Pada tahun 2025, program sekolah swasta gratis ini secara keseluruhan menjangkau 129 sekolah dengan anggaran Rp25,79 miliar. Rencananya, pada tahun 2026 program ini akan diperluas menjadi 135 sekolah.
Selain itu, pemerintah memberikan bantuan operasional bagi 1.482 guru sekolah swasta yang belum tersertifikasi. Bantuan ini diharapkan bisa meningkatkan kesejahteraan guru dan motivasi mereka dalam mengajar.
“Sekolah swasta adalah mitra pemerintah dalam mencerdaskan anak bangsa. Kami ingin mereka kuat, gurunya sejahtera, dan siswanya bisa belajar dengan nyaman,” jelas Agustina.
Upaya ini berhasil menekan angka putus sekolah. Berdasarkan data tahun 2025, angka putus sekolah tingkat SD/MI 0 persen dan tingkat SMP/MTs hanya 0,01 persen—angka yang sangat minim.
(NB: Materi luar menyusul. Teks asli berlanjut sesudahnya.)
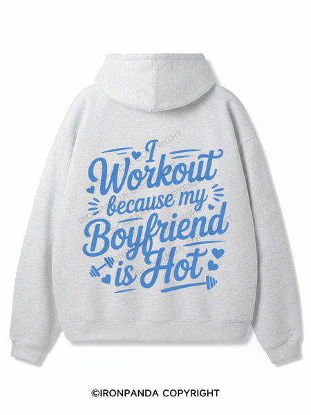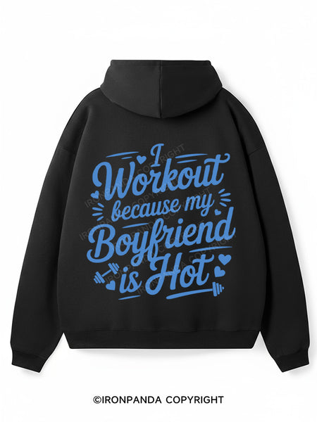 I WORKOUT BECAUSE MY BOYFRIEND IS HOT Premium Fleece Gym Hoodie
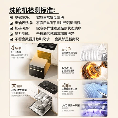 这款洗碗机性能可以,洗净力强,节能静音,容量大然后还符合我家尺寸,可以手机App程超控,非常的方便,解放双手,省时省力! 一直心心念念的洗碗机,比较了很多家,最终选了海尔Z11max,主要从尺寸和清洁功能考虑,小厨房放不下大的洗碗机,这款灶下直嵌的非常合适,安装完整体感很好。清洁功能中规中矩,基本上都能洗干净,还有自动开门晾干,总体不错!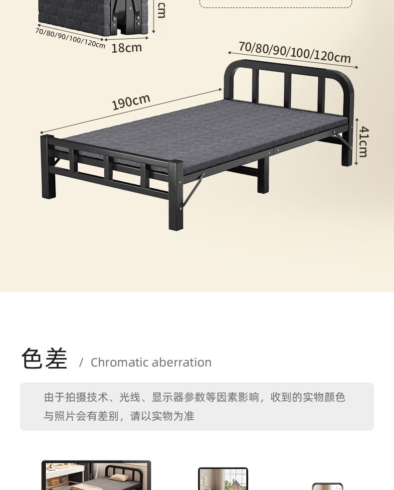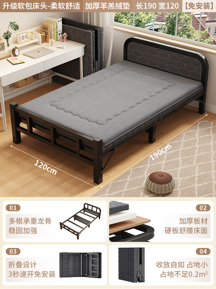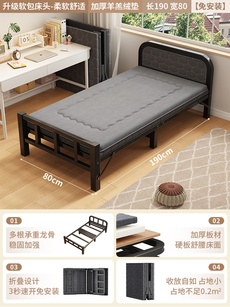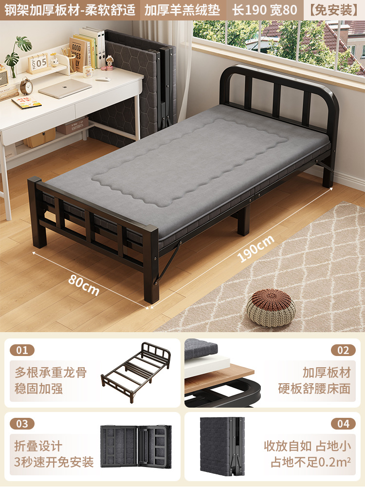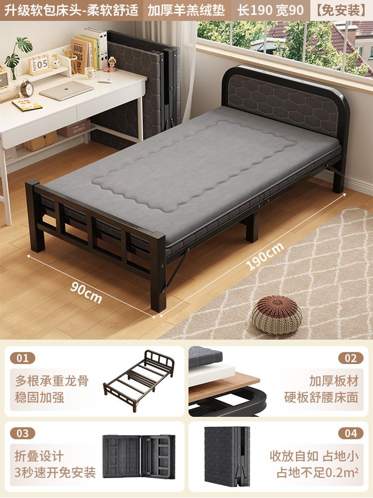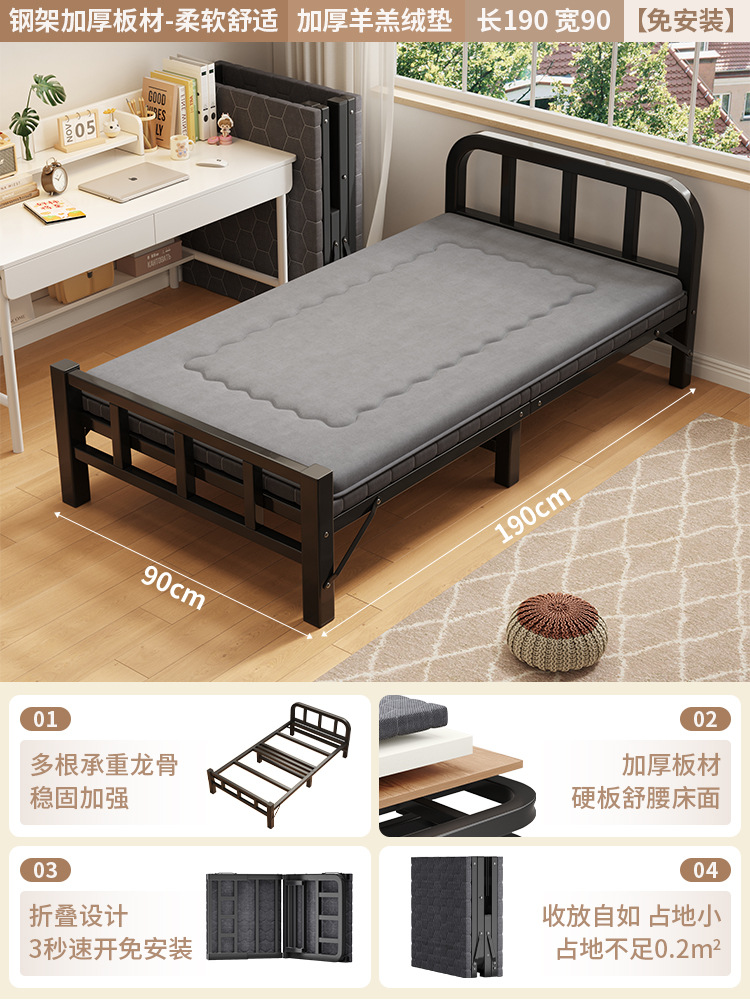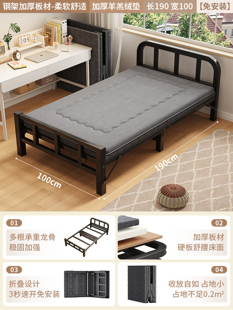 접이식 침대 싱글 침대 가정용 성인 임대 주택 간이 침대 사무실 점심 시간 침대 기숙사 편리한 하드 보드 철제 침대스토어 가기

Ijazah Tertahan Akhirnya Dibagikan, Masa Depan Anak Terbuka Kembali
Masalah klasik lainnya adalah ijazah yang tertahan di sekolah karena berbagai alasan, biasanya terkait biaya. Ijazah adalah pintu masuk untuk melanjutkan pendidikan atau melamar pekerjaan. Tanpa ijazah, masa depan anak bisa terhambat.
Pemerintah kota bergerak cepat. Sepanjang 2025, sebanyak 374 ijazah berhasil dibagikan kepada pemiliknya dari 36 sekolah di Kota Semarang.
Namun, pekerjaan rumah masih besar. Masih ada 10.335 ijazah yang tertahan di berbagai sekolah. Pemerintah berkomitmen untuk terus mendorong penyelesaian masalah ini agar tidak ada lagi anak Semarang yang masa depannya terhambat hanya karena selembar ijazah.
“Ijazah itu hak anak, bukan barang jaminan. Saya minta sekolah-sekolah untuk tidak menahan ijazah muridnya. Kalau ada masalah biaya, kita cari solusi bersama. Yang penting anak bisa melanjutkan masa depannya,” tegas Wali Kota.